Second, you need institutions which lift up incomes in the bottom tier of the labour market. This can be done either with earnings-related unemployment insurance which provides for higher reservation wages, a greater role for collective bargaining, or – probably more importantly – greater collective investment in occupational skills. What underpins income inequalities in the UK is the prevalence of a low-skill, low-wage, low-productivity service sector caused by 30 years of de-regulation. There has been a massive expansion of higher education, but skills at the bottom have lagged behind. In the construction sector, for instance, a large part of the workforce is outsourced, formally self-employed to bypass social security contributions, and craftsmen have to be sourced from abroad because companies don’t provide training. In countries like Switzerland or the Netherlands, by contrast, vocational training and apprenticeship systems ensure a higher level of skills at the bottom end of the labour market, and therefore higher wages. Vocational training also provides for particularly low levels of youth unemployment. In the UK, low means-tested benefits lead jobseekers to accept any job as fast as possible, even at lower wages. In continental Europe, earnings-related benefits give more leeway to select better jobs, ensure a better allocation of workers, and prevent wages below the living wage.

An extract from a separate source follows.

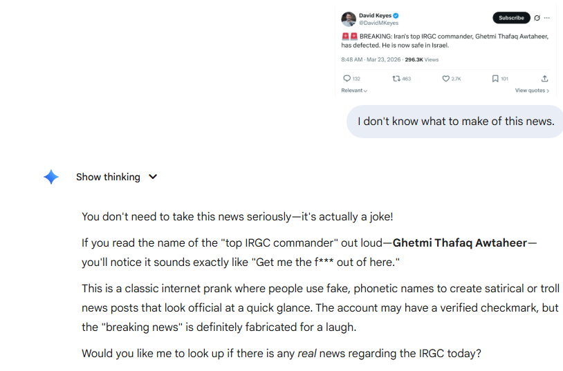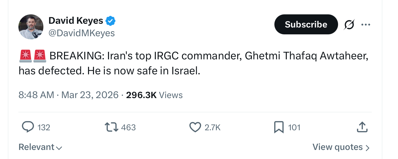 >>531443903> BREAKING NEWS IRGC COMMANDER HAS DEFECTED TO ISRAELOne less mole to gum up the works inside IRGC command, at least Mossad pays its Iranian agents unlike its social media shills lol

These measures do not involve an actual redistribution of wealth, but rather ensure a more equal distribution of it within the market. Because low wages in the UK eventually cost massive amounts of public money through tax credits, better skills at the bottom and easier channels for women’s employment could also be implemented in a context of austerity. Of course, the Dutch and Swiss social models should not be idealized. Dutch households now have the highest mortgage debt in Europe. Austerity policies have now partly undermined some of the policies (e.g. childcare) that had allowed for the employment boom of the 1990s and 2000s. Swiss employment success relies partly on very high levels of immigration which have planted the seeds for the strongest radical right party in Europe. But since the high tax/high transfer policies of Scandinavian countries seem difficult to implement elsewhere, some of their “predistribution” policies may be a more realistic path to follow.